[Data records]
*****

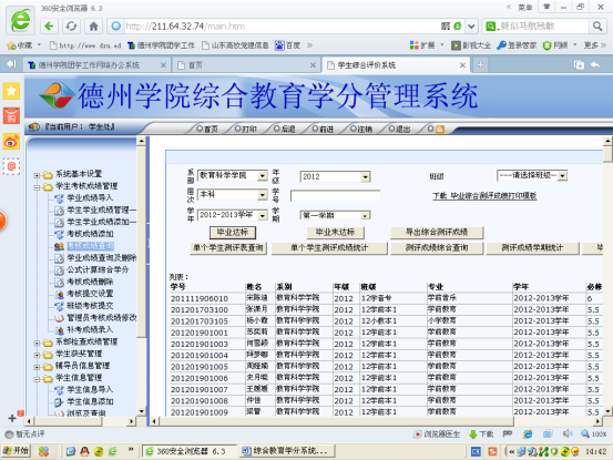 毕业生综合测评成绩单打印步骤请查看综合教育学分系统主界面右侧通知公告栏。如果学生基本信息录入时,未录入学生层次(本科/专科/专升本),成绩单打印、不合格学生筛选等功能无法实现。添加学生层次(本科/专科/专升本)方法:
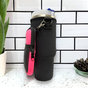 Clip on Pocket Attachment Accessory for 40&30oz Drink HandlersTM Sleeves. Pocket has top zipper closure with 3 inside mesh card pockets and one outside mesh pocket. This Pocket accessory can be worn alone as a purse or clipped on to other Lit handler products with clips as an attachment to hold more valuables.
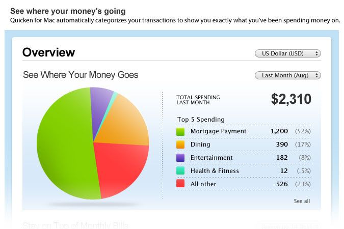 Quicken Essentials for Mac automatically categorizes your transactions to show you exactly what you've been spending money on.
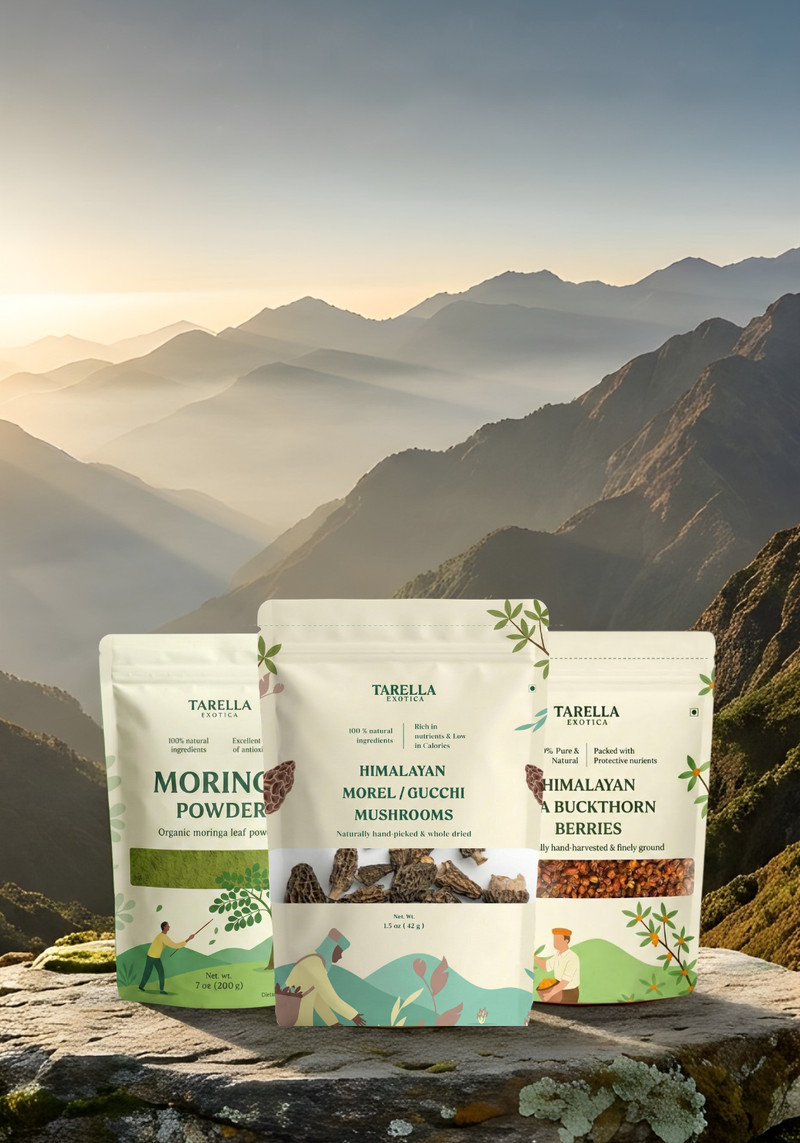 Tarella Exotica is a premium wellness brand rooted in purity, authenticity, and Himalayan excellence. We specialize in sourcing and delivering rare, high-quality superfoods like Morel (Gucchi) mushrooms, Sea Buckthorn, Moringa, and natural honey. At Tarella Exotica, we believe in offering luxury wellness straight from nature — pure, powerful, and trusted.
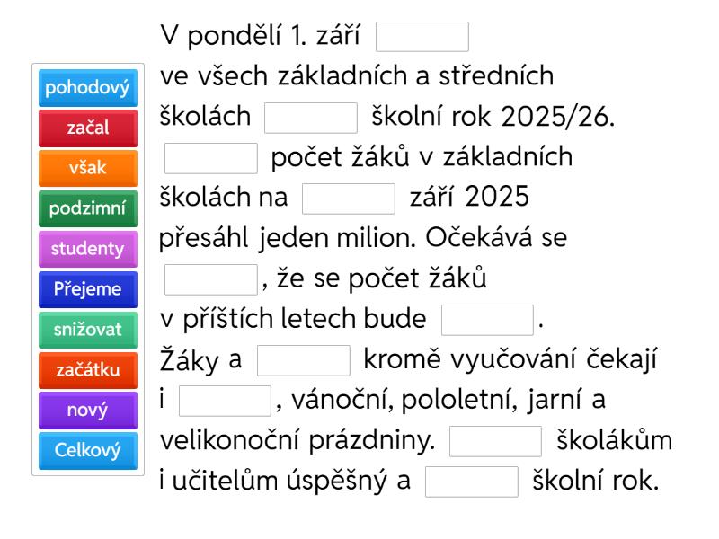 V pondělí 1. září ____ ve všech základních a středních školách ____ školní rok 2025/26. ____ počet žáků v základních školách na ____ září 2025 přesáhl jeden milion. Očekává se ____, že se počet žáků v příštích letech bude ____. Žáky a ____ kromě vyučování čekají i ____, vánoční, pololetní, jarní a velikonoční prázdniny. ____ školákům i učitelům úspěšný a ____ školní rok.

*****

Your goal: Please retype the data exactly as it appears, but without any of its pictures.

Expected answer:
 毕业生综合测评成绩单打印步骤请查看综合教育学分系统主界面右侧通知公告栏。如果学生基本信息录入时,未录入学生层次(本科/专科/专升本),成绩单打印、不合格学生筛选等功能无法实现。添加学生层次(本科/专科/专升本)方法:
 Clip on Pocket Attachment Accessory for 40&30oz Drink HandlersTM Sleeves. Pocket has top zipper closure with 3 inside mesh card pockets and one outside mesh pocket. This Pocket accessory can be worn alone as a purse or clipped on to other Lit handler products with clips as an attachment to hold more valuables.
 Quicken Essentials for Mac automatically categorizes your transactions to show you exactly what you've been spending money on.
 Tarella Exotica is a premium wellness brand rooted in purity, authenticity, and Himalayan excellence. We specialize in sourcing and delivering rare, high-quality superfoods like Morel (Gucchi) mushrooms, Sea Buckthorn, Moringa, and natural honey. At Tarella Exotica, we believe in offering luxury wellness straight from nature — pure, powerful, and trusted.
 V pondělí 1. září ____ ve všech základních a středních školách ____ školní rok 2025/26. ____ počet žáků v základních školách na ____ září 2025 přesáhl jeden milion. Očekává se ____, že se počet žáků v příštích letech bude ____. Žáky a ____ kromě vyučování čekají i ____, vánoční, pololetní, jarní a velikonoční prázdniny. ____ školákům i učitelům úspěšný a ____ školní rok.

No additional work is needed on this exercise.